Binance cryptocurrency exchange faced a critical juncture as investigations loomed, compelling its board of directors to weigh the possibility of liquidating the company.
However, a unanimous decision eluded them, keeping the exchange’s fate uncertain. This gripping scenario sheds light on Binance‘s strategy to protect its global operations amidst mounting regulatory scrutiny.
The Securities and Exchange Commission has charged Changpeng Zhao, the founder of Binance Holdings Ltd. (“Binance”), Binance.com, the largest crypto asset trading platform in the world, BAM Trading Services Inc. (“BAM Trading”), and Binance.US, Binance.com’s joint venture partner, with a number of securities laws violations.

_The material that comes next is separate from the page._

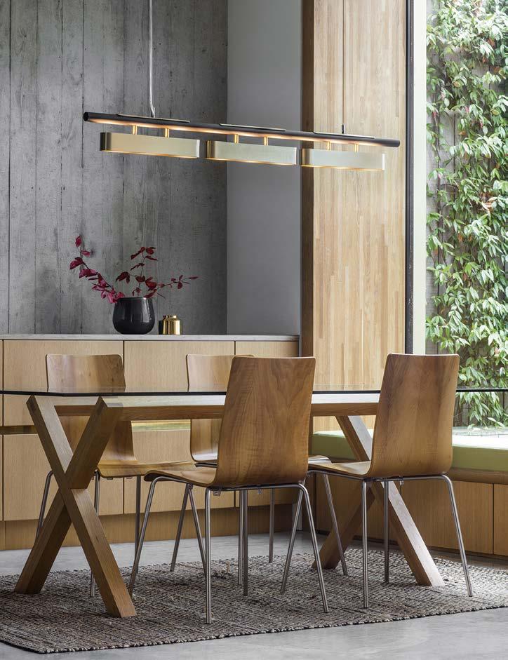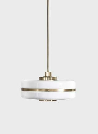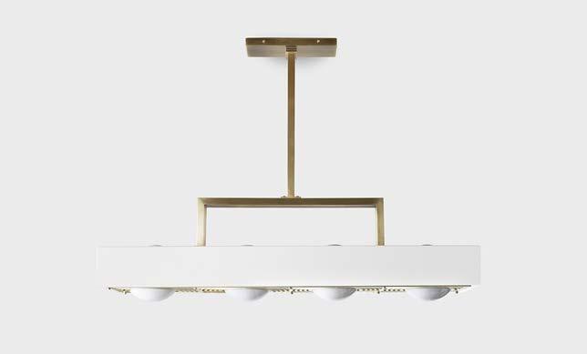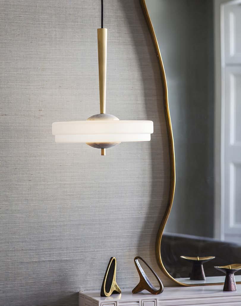 Casting a soft light both up to the ceiling and below, the striking long lines of Bert Frank’s Colt Pendant Light makes it the perfect design to hang above a dining table or kitchen island. Three machined brass grills encase opal diffusers for a sophisticated take on urban design.

The SEC asserted, among other things, that Zhao and Binance surreptitiously allowed high-value U.S. customers to continue trading on the Binance.com platform despite publicly claiming that U.S. customers were prohibited from doing so.
Furthermore, the SEC said that Zhao and Binance secretly oversaw the activities of the Binance.US platform despite publicly claiming that Binance.US was developed as a distinct, independent trading platform for American investors.
SEC Charges Binance of Unregistered Exchange and Sale of Crypto Assets:
“The general population should exercise caution while using or putting any of their hard-earned money on these illegal networks.”
SEC stated in their press release.
Source: Flickr
The SEC accused Binance of running an unlicensed exchange, broker, and clearing agency, selling crypto assets without a license, allowing US users to access its global trading platform, and misleading investors about purported internal controls and market surveillance features.